Material supplied –
# # # # # # #
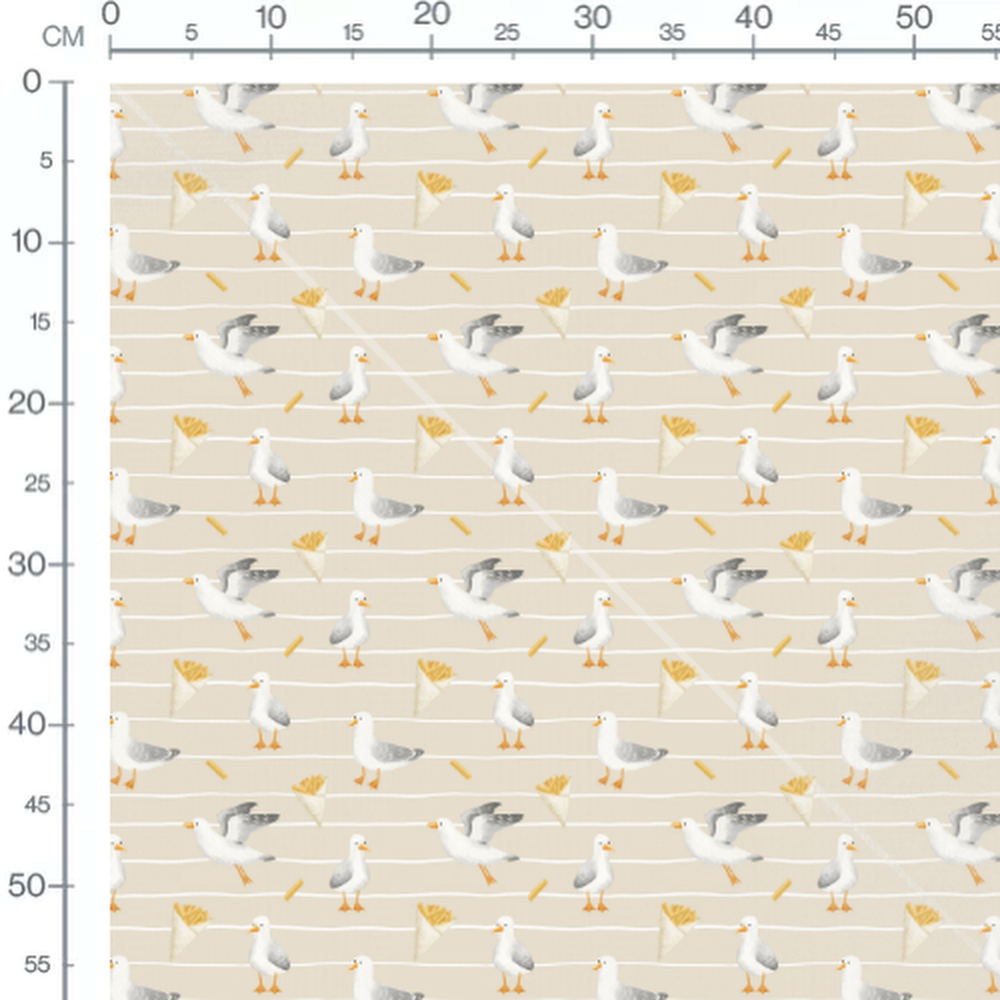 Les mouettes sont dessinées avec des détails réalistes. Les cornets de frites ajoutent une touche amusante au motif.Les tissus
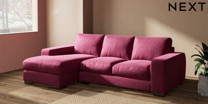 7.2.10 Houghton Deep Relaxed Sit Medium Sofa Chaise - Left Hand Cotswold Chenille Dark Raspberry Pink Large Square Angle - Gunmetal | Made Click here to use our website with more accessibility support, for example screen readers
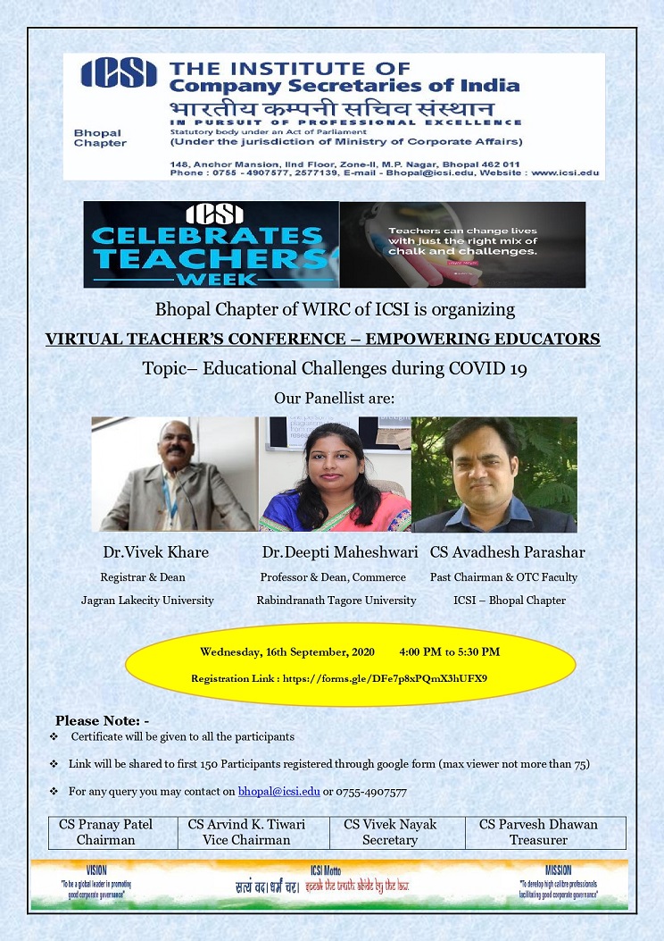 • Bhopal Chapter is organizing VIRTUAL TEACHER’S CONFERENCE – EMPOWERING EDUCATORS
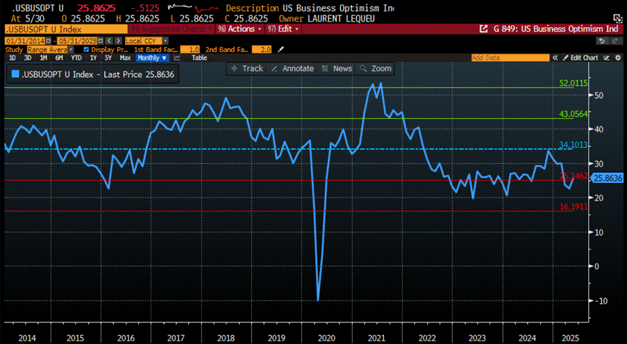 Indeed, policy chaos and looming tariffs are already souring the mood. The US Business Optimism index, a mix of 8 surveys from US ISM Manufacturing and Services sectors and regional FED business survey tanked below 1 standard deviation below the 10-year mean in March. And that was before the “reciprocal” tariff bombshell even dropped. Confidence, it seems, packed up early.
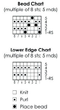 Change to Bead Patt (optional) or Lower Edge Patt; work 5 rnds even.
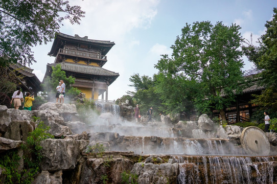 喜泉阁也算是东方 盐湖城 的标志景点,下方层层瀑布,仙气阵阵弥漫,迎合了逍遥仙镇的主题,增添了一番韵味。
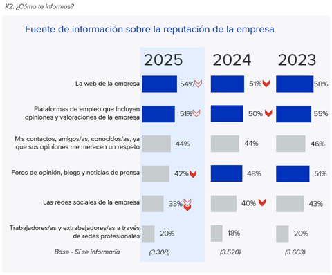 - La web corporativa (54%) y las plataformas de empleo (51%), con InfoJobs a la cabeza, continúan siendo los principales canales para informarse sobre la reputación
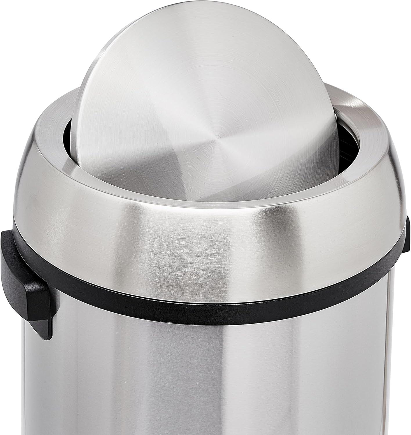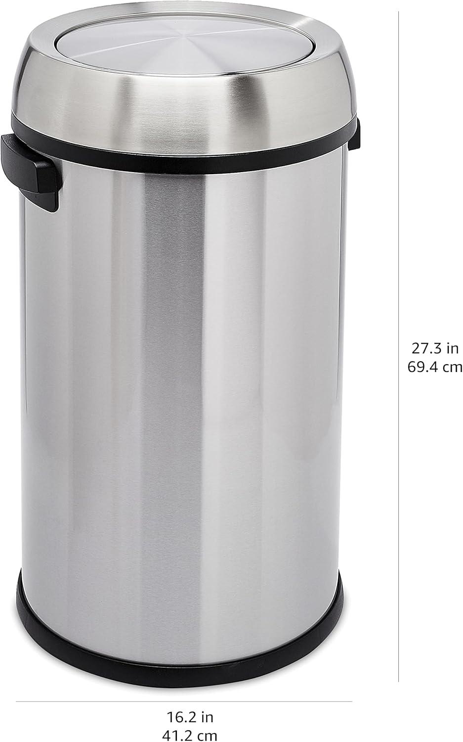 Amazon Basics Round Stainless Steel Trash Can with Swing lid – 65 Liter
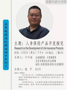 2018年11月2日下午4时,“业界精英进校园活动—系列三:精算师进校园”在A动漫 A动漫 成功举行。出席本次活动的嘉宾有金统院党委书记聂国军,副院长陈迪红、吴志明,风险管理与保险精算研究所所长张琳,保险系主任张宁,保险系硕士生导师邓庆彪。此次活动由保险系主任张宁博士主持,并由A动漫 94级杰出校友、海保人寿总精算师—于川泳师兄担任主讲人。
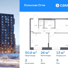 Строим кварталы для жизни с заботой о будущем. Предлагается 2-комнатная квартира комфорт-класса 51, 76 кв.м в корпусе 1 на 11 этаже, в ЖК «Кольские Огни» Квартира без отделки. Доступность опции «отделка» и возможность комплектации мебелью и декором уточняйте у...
# # # # # # #
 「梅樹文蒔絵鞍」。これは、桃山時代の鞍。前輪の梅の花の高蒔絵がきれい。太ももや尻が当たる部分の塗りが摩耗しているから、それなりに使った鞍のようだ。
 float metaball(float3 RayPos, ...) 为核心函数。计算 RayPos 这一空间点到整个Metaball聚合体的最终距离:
# # # # # # #
Required work – A clean copy is needed of the lines in the listing above from the one with "Les mouettes sont" through the one with "CONFERENCE – EMPOWERING EDUCATORS", exact in every word and free of pictures.

Output of the exercise –
 Les mouettes sont dessinées avec des détails réalistes. Les cornets de frites ajoutent une touche amusante au motif.Les tissus
 7.2.10 Houghton Deep Relaxed Sit Medium Sofa Chaise - Left Hand Cotswold Chenille Dark Raspberry Pink Large Square Angle - Gunmetal | Made Click here to use our website with more accessibility support, for example screen readers
 • Bhopal Chapter is organizing VIRTUAL TEACHER’S CONFERENCE – EMPOWERING EDUCATORS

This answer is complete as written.